The Short Case for Closed AI

Academic discourse and in particular Artificial Intelligence (AI) research strongly embodies the so-called 'communist pillar' of scientific ethos1 in that heretofore the vast majority of AI research output has been made publicly available. It is not clear however that this open approach can or should continue into the future. OpenAI’s decision to incorporate OpenAI LP was ostensibly driven in part by security concerns2 and represents an implicit portentous admission of the credibility of 'The Bitter Lesson'3. That is, that the leveraging of compute resources (and not necessarily solely intelligent algorithms) are integral to present and future advancements in AI.

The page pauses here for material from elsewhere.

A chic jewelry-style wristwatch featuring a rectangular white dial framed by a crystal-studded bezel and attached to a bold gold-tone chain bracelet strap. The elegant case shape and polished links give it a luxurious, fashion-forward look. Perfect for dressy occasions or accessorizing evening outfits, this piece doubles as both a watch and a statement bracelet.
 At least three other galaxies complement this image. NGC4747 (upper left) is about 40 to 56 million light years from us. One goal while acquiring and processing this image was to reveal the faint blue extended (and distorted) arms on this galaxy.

Despite recent community and media attention, very little has been written on the topic of 'Closed AI' (CAI) – AI research the development and results of which are not made public – and its benefits. This essay will seek to address this gap in the literature by outlining some arguments opposing Open AI (OAI) development going forward. I describe how OAI represents a far greater existential threat than CAI, using the vulnerable world hypothesis (VWH)4 as an exploratory framework. Additionally, I show how OAI can exacerbate other existential threats, create new ones, and plausibly lead to historically unprecedented levels of sentient suffering.

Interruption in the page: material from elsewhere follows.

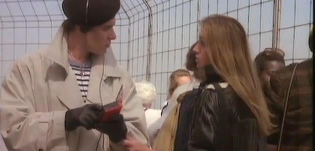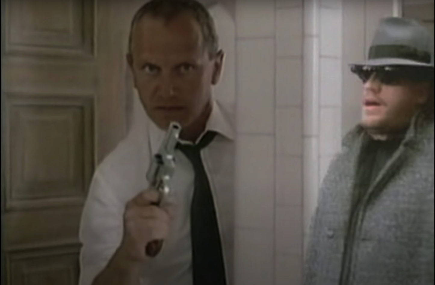 Dressed in a trenchcoat and dark glasses, Beverly Hills Cop score composer Harold Faltermeyer is following the clues of some sort of mystery as this video opens. But, by the end, Faltermeyer’s black-and-white noir image has merged with that of the film via shots that drop him into the Beverly Hills Cop action, including a couple of moments in which he runs “alongside” Eddie Murphy and Judge Reinhold. (Forrest Gump or Zelig or even the “Elevation” video this is not.) The look on Faltermeyer’s face suggests he knows just how silly it looks.

0: Limitations of the vulnerable worlds typology

The VWH, roughly stated, holds that there are certain inventions which if conceived would make the destruction of civilization (DOC) inevitable. It hypothesizes white, gray, and black balls within an urn which are picked out one by one with no a priori knowledge of what color will be picked. White balls signify beneficial inventions, gray signifies inventions yielding mixed blessings and black balls represent those inventions which if discovered 'invariably or by default' cause DOC. A typology of possible DOC inventions/vulnerabilities is outlined, which I will make reference to but not expound on.

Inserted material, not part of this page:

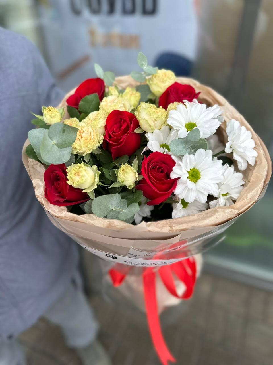 букет сборный с кустовой розой

Type-1 inventions are those so destructive and so easy to use that the actions of actors in the 'apocalyptic residual' make DOC extremely likely.

Type-2A vulnerabilities constitute those inventions with which powerful actors have the ability to produce DOC harms and, in the 'semi-anarchic default condition’, face incentives to use that ability5.

I hold that while the development of CAI in and of itself poses a serious existential risk as a likely Type-0 discovery – a technology with a 'hidden risk' such that the default outcome when it is discovered is inadvertent DOC – the development of OAI constitutes a more insidious type of risk. Indeed, one which does not fit neatly into the VWH typology but rather in addition to embodying Type-0 concerns, also invariably facilitates the creation of Type-1 and Type-2A vulnerabilities beyond the inherent human capacity to do so.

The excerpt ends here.